A FIERCE GALE howled out of the east from over a dark Irish Sea. As he approached the upper slopes of Slieve Commedagh, Johnny Cousins, one of the stonemen, crawled on his hands and knees to avoid being blown off his feet. Clutching a lantern in one hand, he was in danger of being late for the 8am start. He felt thankful to finally reach a small pyramidal shelter he and his workmates had built near the summit. There he could take temporary respite from the elements before starting work. It was no day to be up in the mountains. But then again, he didn’t have much choice: his livelihood depended on it.

It was no day to be up in the mountains. But then again, he didn’t have much choice: his livelihood depended on it.

Forming a compact cluster of peaks in the southeast corner of County Down in Northern Ireland, no-one knew the Mourne mountains better than Johnny and the other stonemen. For 18 years, from 1904 to 1922, they marched up daily between April and October from the surrounding lowland farms. Their mission: to build a great drystone wall made of granite, some eight feet high in places, to demarcate the boundary of the Belfast Water Commission, the central valley within its catchment to be flooded by two reservoirs to supply water to the expanding city.

One historian denounced the building of the wall as a nonsensical folly serving no real purpose. But folly it was not for the stonemen who painstakingly laid its 22-mile length.

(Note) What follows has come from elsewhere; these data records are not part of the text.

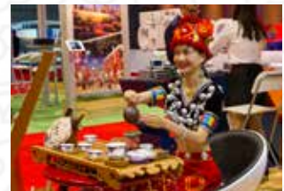
Networking Village featuring over 130 exhibitors
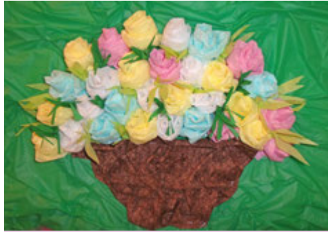
The Management of The Pointe would like to thank everyone who helped make the Beauty In Bloom event especially beautiful.
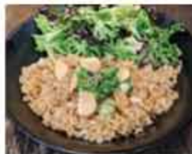
Garlic Fried Rice Bowl 695 Cal
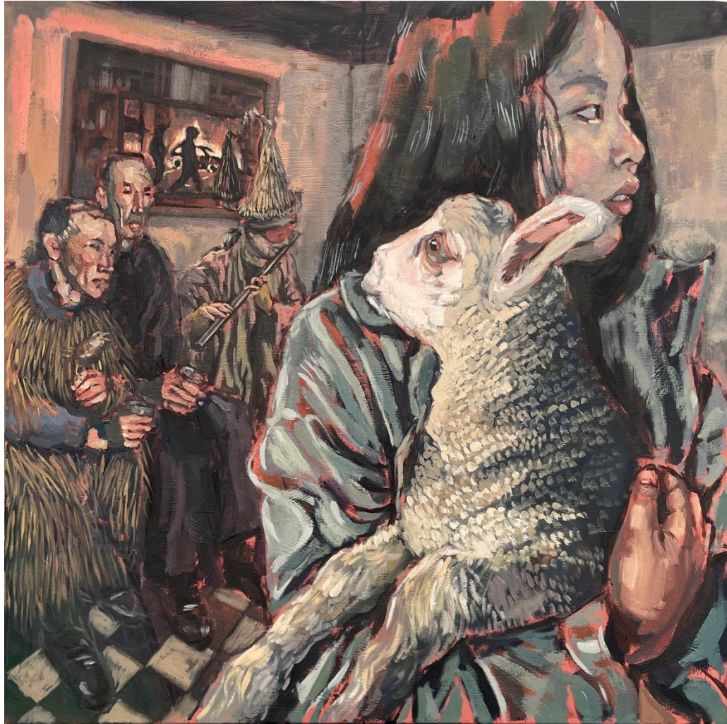
Sheltering a small remaining trace of fire through a dark period, oil on linen, 60x60cm, 2025.
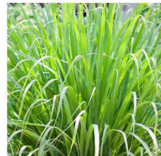
Cymbopogon Lemon Grass
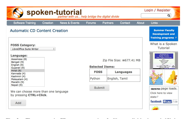
Fig. 3. The automatic CD content creation facility, available through [5], by clicking Software Training > Download Tutorials > Create your own disk image. One can see that English and Tamil versions of Python tutorials are selected, with a size estimate of about 680 MB.

tion, letter writing, report writing, mathematical typesetting and introduction to beamer, in a two hour workshop [6]. Although no domain experts may be available during these workshops, one may get their questions answered through a specifically designed forum [7].
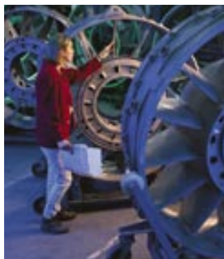
Milwaukie is home to a wealth of businesses from manufacturing to medical to comic books.
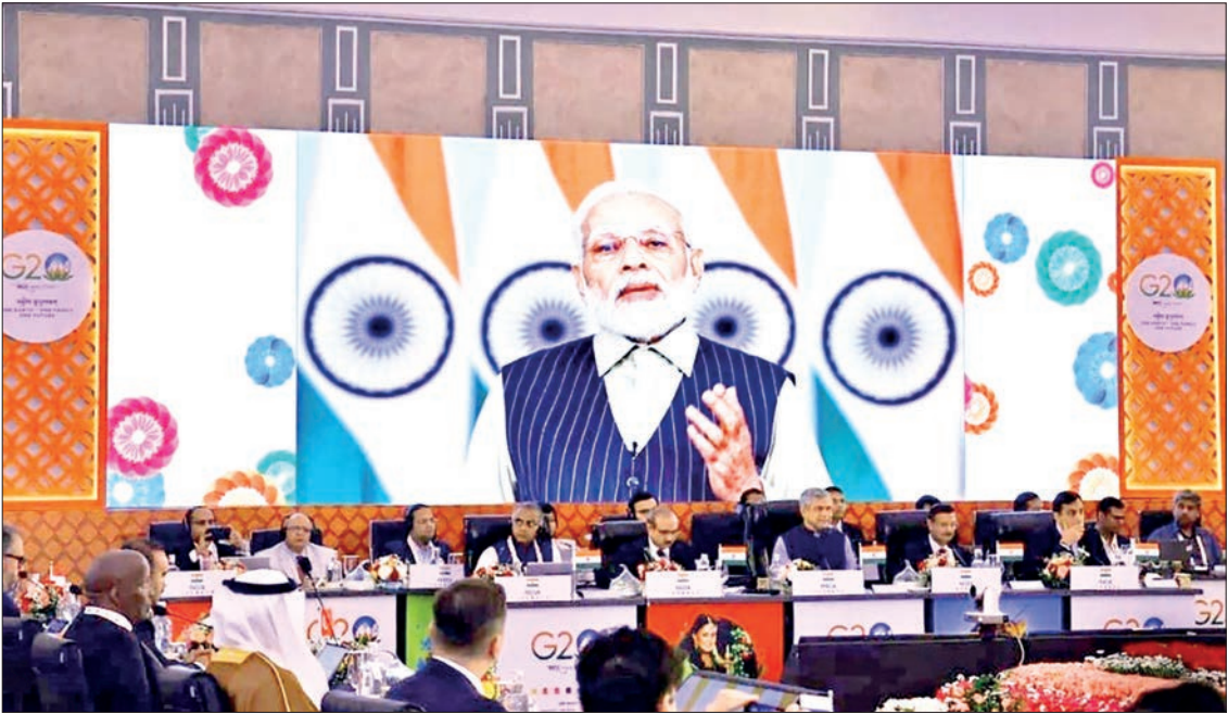
On 19 August 2023, Prime Minister Narendra Modi addressed the G20 Digital Economy Ministers’ Meet held in Bengaluru via video message.

“Today India’s digital economy is growing 3-4 times faster than the traditional economy, and
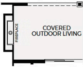
Optional Fireplace at Outdoor Living
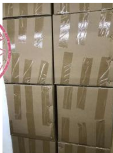
Figure 5: Packaging box label Figure 6: Material stacked, neat and tidy, the label is convenient to find materials
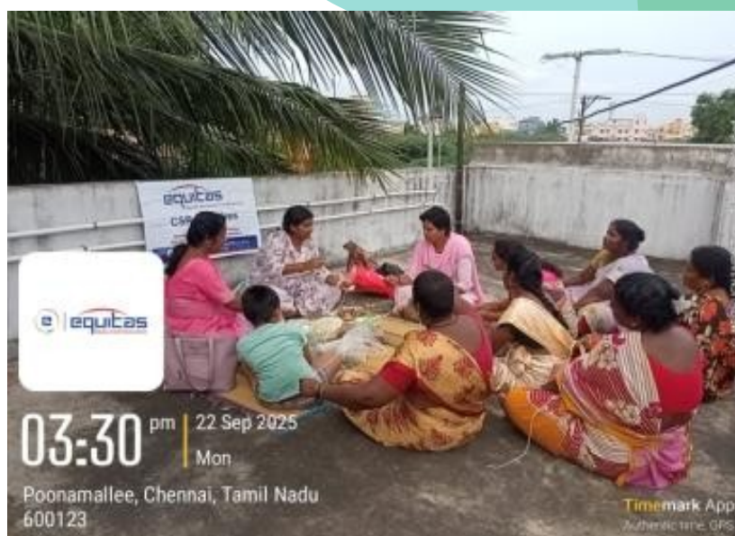
Artificial Floral garland making @ Chennai
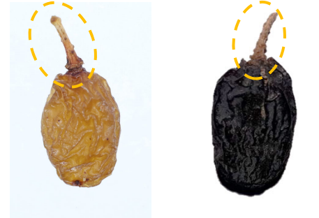
BERRIES WITH CAPSTEM ATTACHED
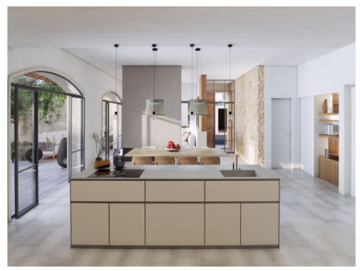
Amazing cook island
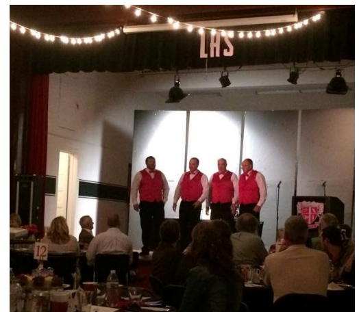
Our emcees: 4-C Sons barbershop quartet

And nor is it a casual undertaking for today’s hillwalkers who trace its roughly circular route as it slavishly follows the watershed of the High Mournes over peak, trough, and blanket bog. Indeed, many rank it as one of Ireland’s finest mountain walks.

While the standard route is to start at the Silent Valley reservoir and proceed clockwise (some prefer to go anti-clockwise to avoid leaving till last a tiring ascent of Slieve Binnian), without a car I set off from the more easily accessible seaside town of Newcastle to the north. Fortified by a greasy fry for breakfast, my way up to the wall would add over an additional half-a-kilometre of ascent to the reckoning to make a total of around 3,200 metres, or more than 10,000 feet – a task I set myself over a weekend in mid-May with an overnight wild camp.